Third trimester approaching!

Since I became pregnant I have had a hard time knowing what to put in this blog. It has been a blog about getting/not getting pregnant for so long and I'm a little unsure about where to take it now. I am aware of the pain my pregnancy may bring to others who aren't at the stage I am at. I remember too clearly seeing another announcement and wondering when will it be me. I am also aware that for me personally while we were going through our treatment seeing other people's IVF working was a strong sign of hope and positivity so while I hope that is the case for many people reading this I am aware that I don't fit in to one category at the moment.

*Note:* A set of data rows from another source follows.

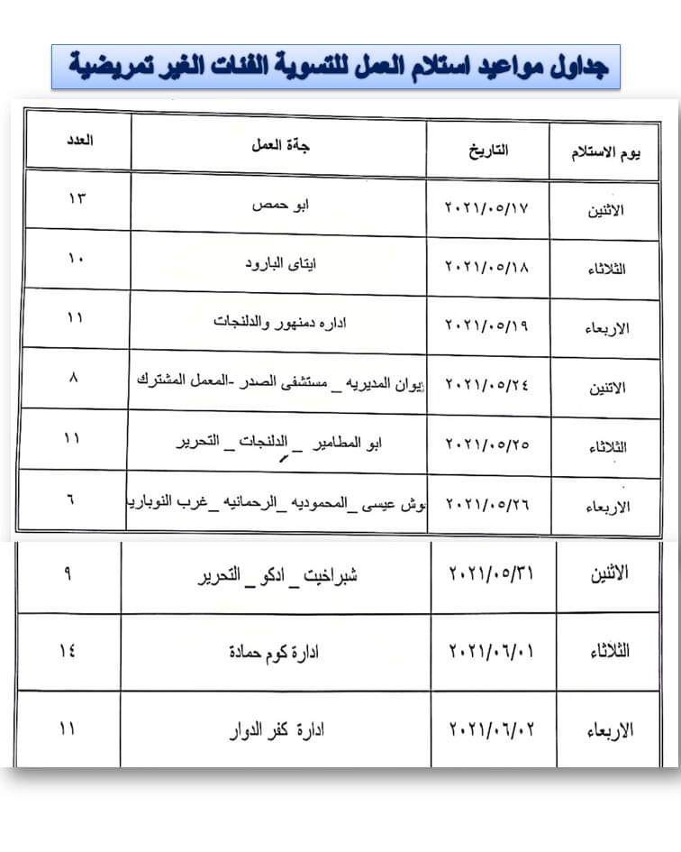 ننشر مواعيد استلام العمل لتسوية فئات المهن الطبية وغير التمريضية بالبحيرة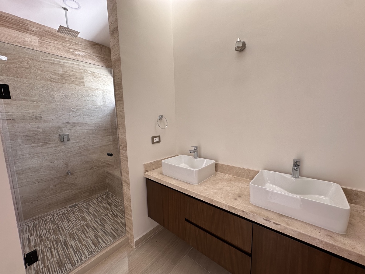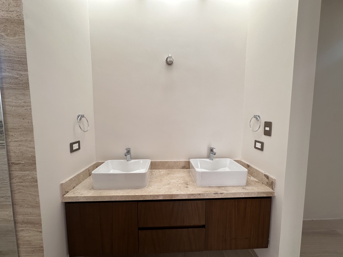 • Mesetas de mármol en baños con lavabos de porcelana y muebles de madera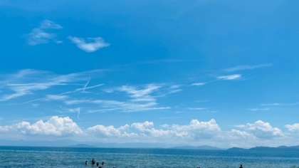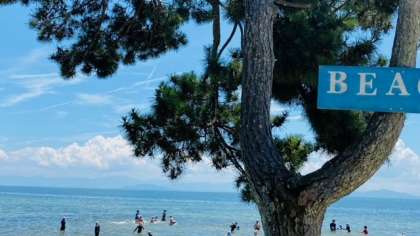 イカダ作りのあとは、冷たいかき氷をいただいで湖水浴を楽しみました。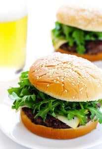 - Remove from heat and serve the burgers on buns immediately, topped with Arla Muenster sliced cheese, fresh arugula, and/or any other toppings that sound good to you.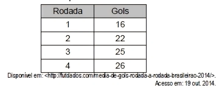 MatemáticaUNCISAL2015A tabela abaixo apresenta os números de gols das quatro primeiras rodadas do campeonato brasileiro de 2014.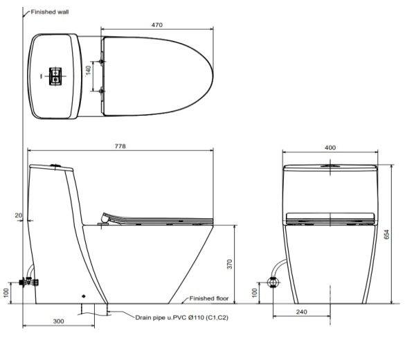 - Tâm thoát bồn cầu : 300mm (+-5)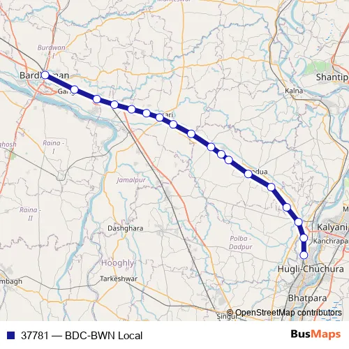 The first stop of the 37781 rail route is Bandel and the last stop is Bardhaman. 37781 (BDC-BWN Local) is operational during everyday.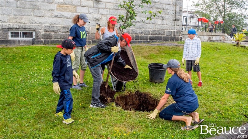 Cette célébration devait souligner les Premières nations et symboliser « la croissance, la force, la durabilité, l'espoir et la paix ». Grâce à ce projet rendu possible par l'appui du gouvernement du Canada, une centaine d'arbres et d'arbustes de toutes sortes ont ainsi été plantés sur les abords de l'église. Petits et grands étaient présents ce matin pour donner un coup de main au projet et contribuer dans la bonne humeur à l'embellissement du centre-ville.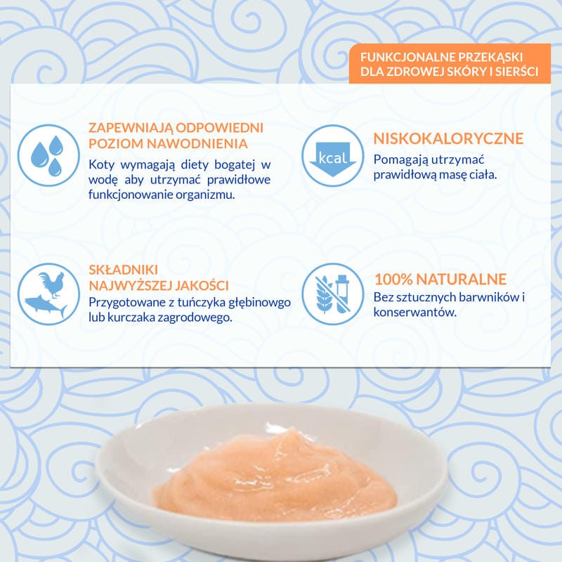INABA CAT Churu Skin and Coat chicken sind Leckerbissen, die nicht nur schmackhaft sind, sondern auch viele gesundheitliche Vorteile für Ihre Katze bieten. Dank sorgfältig ausgewählter Zutaten wie Hühnerfleisch aus Freilandhaltung und Thunfisch aus nachhaltigem Fang bieten sie eine hohe Qualität und einen Geschmack, der selbst die wählerischsten Haustiere zufrieden stellt. Der niedrige Kaloriengehalt und der Verzicht auf Getreide, Konservierungsstoffe und künstliche Farbstoffe machen sie zur idealen Wahl für Katzen mit einem empfindlichen Verdauungssystem. Churu Skin and Coat ist eine großartige Möglichkeit, die Ernährung Ihrer Katze zu verbessern und auch die Bindung durch Handfütterung zu stärken.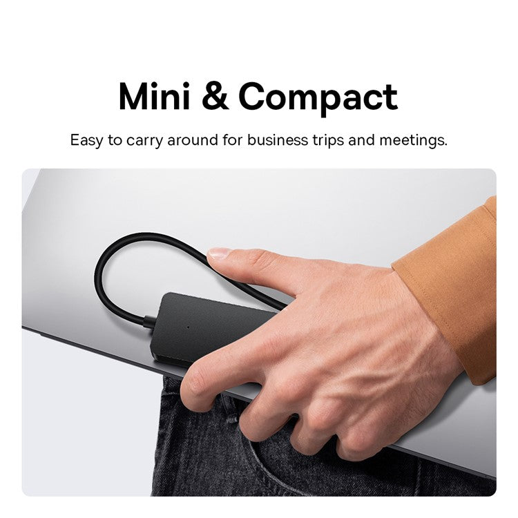 BASEUS UltraJoy Series Portable USB-A to USB3.0 4-Port Expansion HUB Lite 15cm - Black
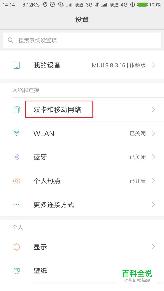 以MIUI系统为例,打开MIUI系统设置页面,点击“双卡和移动网络”设置选项。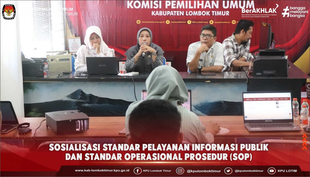 Komisi Pemilihan Umum Kabupaten Lombok Timur menyelenggarakan kegiatan sosialisasi terkait Standar Pelayanan Informasi Publik serta Standar Operasional Prosedur (SOP) di lingkungan KPU Kabupa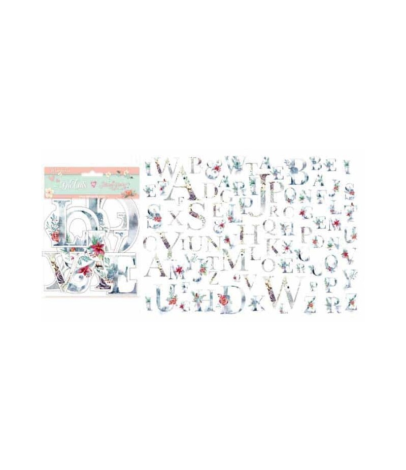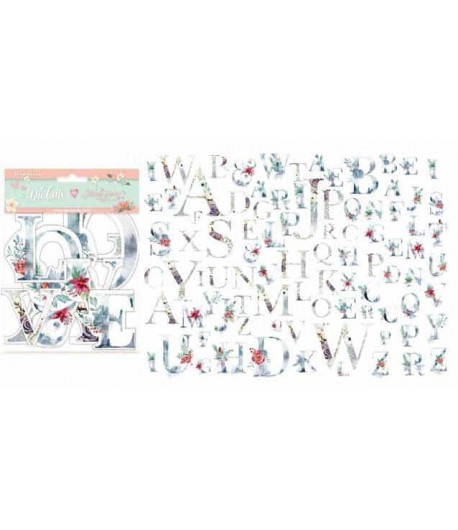 Assortiments de 85 embellissements en carton - entre 1 et 6 lettres de chaque.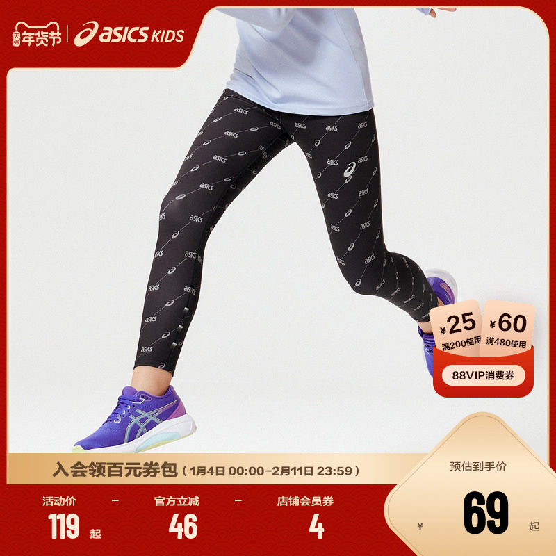 ASICS/亚瑟士童装舒适春夏女儿童加绒保暖运动百搭针织打底裤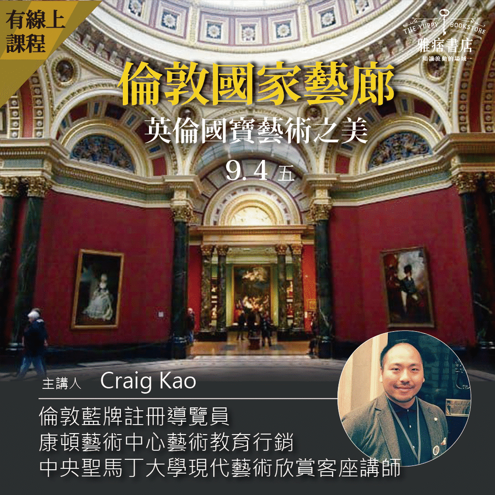 這一次由倫敦的藍牌導覽員Craig(小高老師),幫你解開國寶畫作背後的神秘面紗,輕鬆解開生澀的藝術詞彙,帶你看到繪畫的美和背後的世界。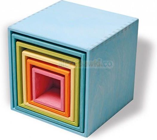 Daj dziecku do zabawy 6 drewnianych pudełek różnej wielkości a znajdzie dla nich "milion" zastosowań. Ustawi z nich piramidę lub wieżę, jak kto woli. Schowa jedno w drugie. Użyje ich jako pudełek do segregowania lub przechowywania. Połączy z innym klockami tworząc domy, zamki lub inne wymyślne budowle. Użyje ich jako celów rozpoczynając zawody w rzucaniu papierową kulką. A gdy jeszcze jest małym berbeciem z upodobaniem będzie wkładać do pudełka grzechotkę i wyjmować ją z niego, wkładać i wyjmować, wkładać i... Prosty przedmiot, którego przydatność zależy wyłącznie od kreatywności dziecka. To ono wymyśli jak z pudełek korzystać i zapewne zmieni to wielokrotnie a zabawka dostosuje się do aktualnych potrzeb albowiem jej rolą jest bycie uniwersalną i ponadczasową. Drewniane pudełka Grimm's: służą do układania, wkładania, wyjmowania, sortowania, budowania, liczenia, przechowywania, grania... to materiał stymulujący rozwój kreatywności dziecka; poprzez łączenie z innymi klockami pozwalają odkrywać nowe możliwości "starych" zabawek; pomagają rozwijać wyobraźnię przestrzenną; usprawniają koordynację oko-ręka, precyzję ruchów; przydają się podczas nauki kolorów; to także przyjemność płynąca ze styczności z doskonale wykończonym drewnem, które jest ciepłe i aksamitne w dotyku; miły naturalny zapach kojarzący się z przyrodą, słońcem i bezpieczeństwem. Deski budowlane Grimm's: 6 pudełek różnej wielkości, wykonanych z drewnianej sklejki wykończonej nietoksycznymi bejcami na bazie wody; zabawka jest bezpieczna dla dziecka; mają certyfikowana zgodnie z normą FSC; mają Pieczęć "Made-by-Nature Każdy widoczny na zabawce słój, sęk, odbarwienie to znak jakości, atut nie wada. Inne zabawki widoczne na zdjęciach nie wchodzą w skład zestawu. Można dokupić je oddzielnie. Drewniane zabawki Grimm's, które powstają od 1978 to prostota, piękno i uniwersalność oraz najwyższa jakość. Projektanci czerpiąc inspirację z pedagogiki Montessori i steinerowskiej kształtują drewno tak by nie straciło nic ze swej wyjątkowej istoty stając się jednocześnie zabawką, która pozwoli rozwijać się dziecięcej wyobraźni i kreatywności. Zabawką, która niczego nie narzuca zostawiając dziecku przestrzeń do poznawania świata we własnym tempie, zgodnie z własnymi zdolnościami i zainteresowaniami. Zabawki Grimm's to uczta dla zmysłów. Drewno potraktowane z sercem podczas obróbki pięknie pachnie, oryginalnie brzmi, cieszy oczy kształtem i barwą a nawet przyjemnie smakuje (choć oczywiście jadalne nie jest). I to co najważniejsze - zabawki Grimm's są wręcz aksamitne w dotyku. Zabawa nimi a nawet samo ich trzymanie to prawdziwa przyjemność. Palce same zaczynają błądzić po ich powierzchni odkrywając wyjątkową strukturę. Zabawki są regularnie sprawdzane pod względem jakości i bezpieczeństwa. Wszystkie produkty, a także użyte barwniki i oleje są zgodne z europejską normą bezpieczeństwa zabawek (EN 71) i standardami amerykańskimi. Także tkaniny lalek mają certyfikat Oeko-Tex. Wysokiej jakości drewno pozyskiwane jest w 100% z europejskich lasów zarządzanych w sposób zrównoważony, dzięki temu produkty są certyfikowane zgodnie z normą FSC (Forest Stewardship Council). Pieczęć "Made-by-Nature”. Regularna kontrola jakości i bezpieczeństwa. Zgodne z europejską normą bezpieczeństwa zabawek (EN 71) i standardami amerykańskimi. Użyte tkaniny posiadają pieczęć Oeko-Tex. Drewniane zabawki w razie konieczności można delikatnie czyścić wilgotną szmatką. Nie można ich moczyć. Zabawki należy trzymać z daleka od źródeł ciepła. Nie można kłaść ich na grzejnikach itp.. Nie wolno czyść ich środkami dezynfekującymi, gorącą wodą itp.. Kod Producenta: 10369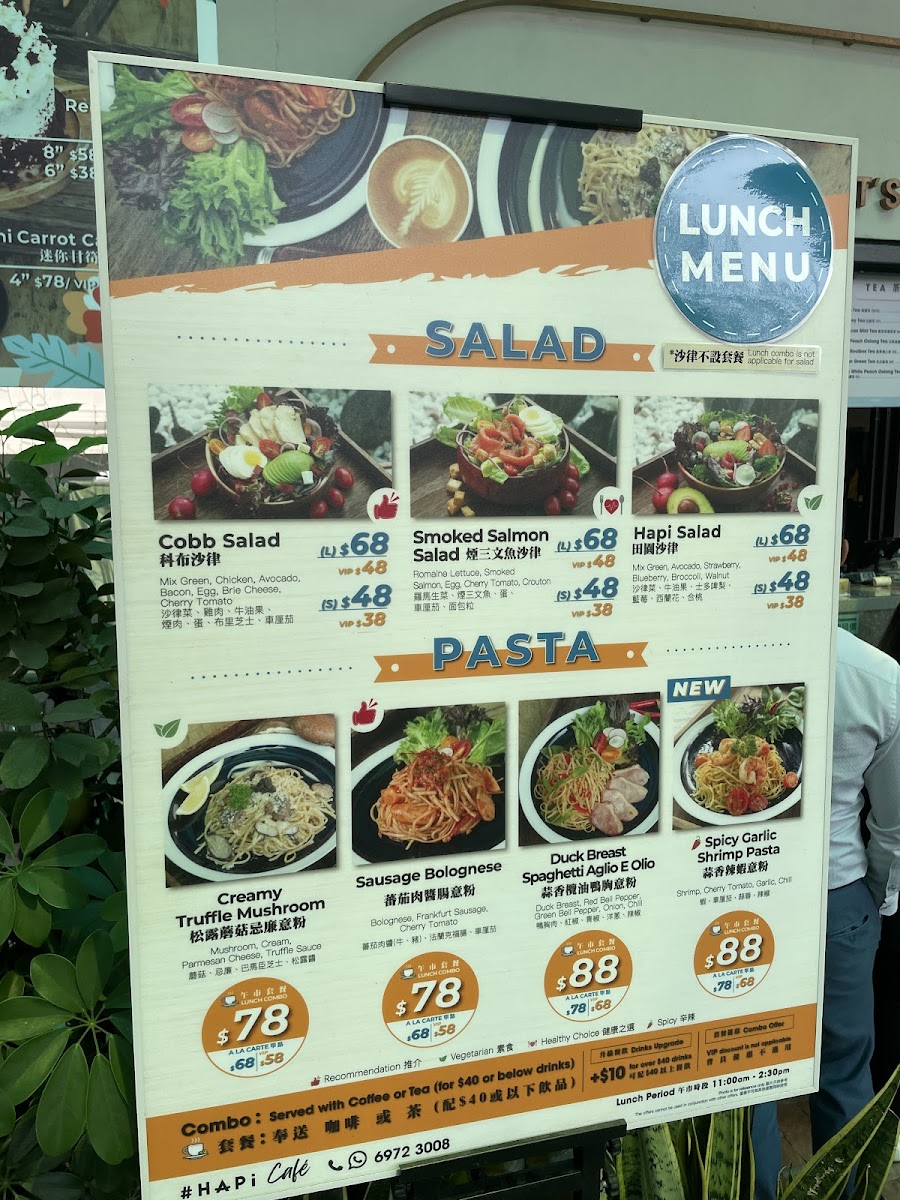 At #HAPi x YMS Cafe, the menu is thoughtfully crafted, offering a range of beverages that cater to every palate. Indulge in the invigorating Sunset Orange Americano or the equally delightful Coconut Latte, both priced at HK$55. If you’re in the mood for something a little different, the Mint Mocha or Coconut Americano are sure to satisfy your cravings. For those looking for a lighter fare during lunch hours, the Creamy Mushroom Spaghetti Set is a vegetarian delight, featuring a rich combination of mushrooms, cream, parmesan cheese, and truffle sauce for HK$88. Pair your meal with a refreshing Matcha Latte or a classic Coke for a complete experience.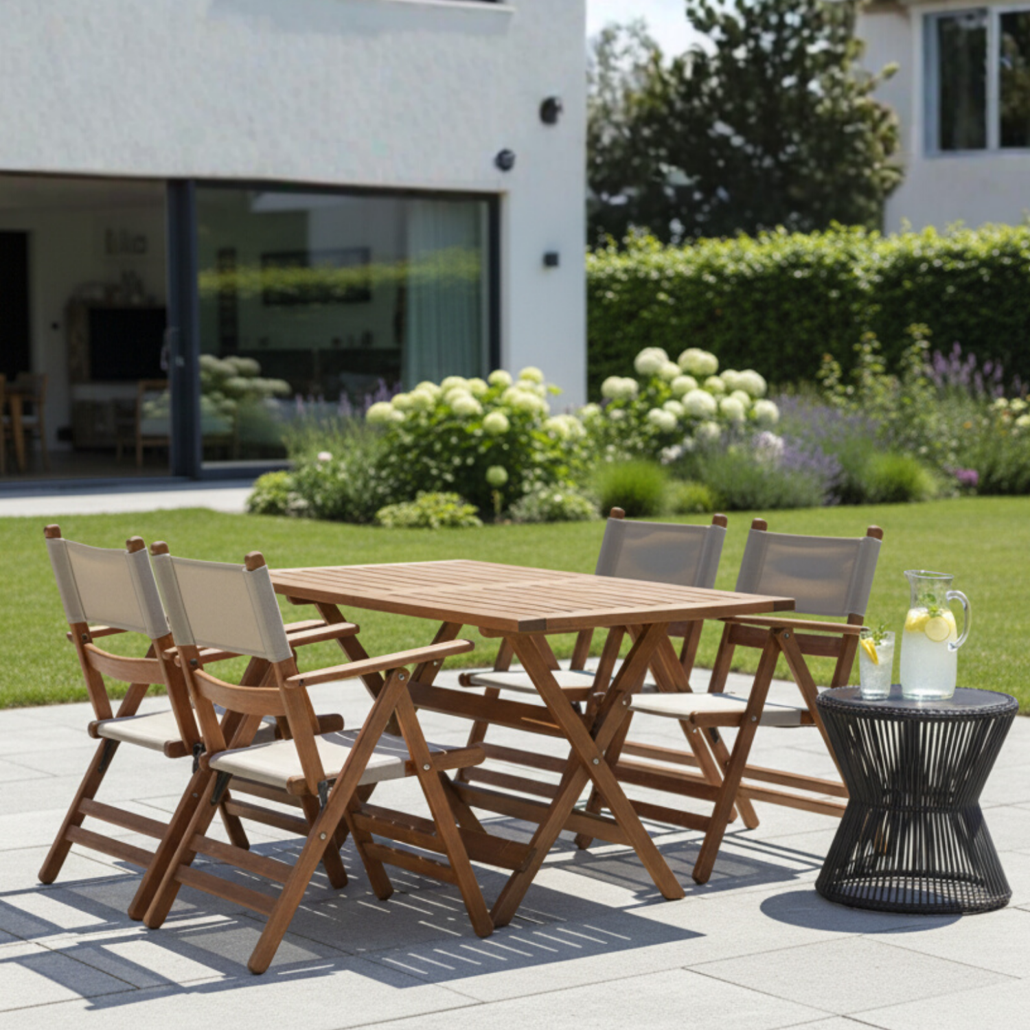 London 4'lü Ahşap Bahçe Masa Sandalye Seti | Gürgen Masa Sandalye Takımı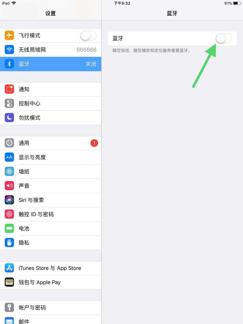 2、在設置界面中我們可以點擊進入藍牙選項。我們可以看到此時藍牙是未打開的。由于apple pencil與iPad連接需要打開藍牙,所以我們首先點擊藍牙將其打開。如下

If this causes you any pain please, please, don't read it - that is the last thing I wish for anyone.

Pregnancy after infertility comes with its own bag of worries and insecurities, I'm sure every newly pregnant family have these but when you've been subjected to the pain and loss that so many of us have in our community the fear is very present and very real, I feel like maybe this isn't totally understood by some of those who have found conception and pregnancy quite straightforward. While I don't blame these people it does make it somewhat isolating when you try to express the concerns you have. An example of this would be nerves before a scan - I get especially nervous before a scan, I'm sure lots of people do but I feel it as a genuine something is going to go wrong fear, when you go through the treatments we have and have the many "bad news" chats, I think you become pre-conditioned that every meeting or appointment is going to come with a disappointment or loss but everyone I spoke to was so excited for us, when I explained I was nervous that was met with "Don't be daft, what have you got to be nervous about!" - this was said with love and meant to be reassuring - it wasn't and instead I felt unheard and, well... daft! Did I say anything - of course not!

We have been incredibly blessed in our pregnancy so far, baby is thriving, the phrase "everything is as it should be" has come up in every appointment and this is a novel and very welcome phrase. Our 20 week scan was a few weeks ago and baby is perfect, although not playing ball - I had to go and pee, I had to drink cold water, walk around, wriggle, lie on my side - all to get the measurements they needed but all of this meant we got more time watching our little cutie wriggle and roll around in there. 
My mum came with me this time, it was a really beautiful moment watching her watching them - she cried of course! So lovely and something I can't wait to tell Pip all about when they're older. Just a reminder that they want this little grandchild of theirs as much as we do!

I haven't cried at my scans very much, I think I have been overawed at it all, I have cried at the end of the scans but it's been more like I don't want to miss a moment of it with tears so my body doesn't let the emotion out until I've seen as much of Piplet as possible.

3rd trimester starts next week and it feels like it has both flown by and dragged getting here. Pip has been great consistently but true to form my body has struggled a little, pains, aches, pre-eclampsia signs, urine infections, endo sneaking up uninvited on top of the "usual" pregnancy symptoms but for the most part I feel quite well, I'm used to pain - sad but true and am truly loving being pregnant. Now that I can feel Piplet (and so can M) it feels like we are bonding so much more and I couldn't be prouder of what my body is doing - especially after so long doubting whether it could. 

So if you're reading this and wondering where this post is going, the truth is I don't know, and I don't know where this blog is going either but I like it, I like its reality and rawness and I hope it brings something to some of you on similar journeys to feel less isolated in this pregnancy after infertility chapter that we find ourselves in and if you aren't here yet I hope this isn't a place of pain for you.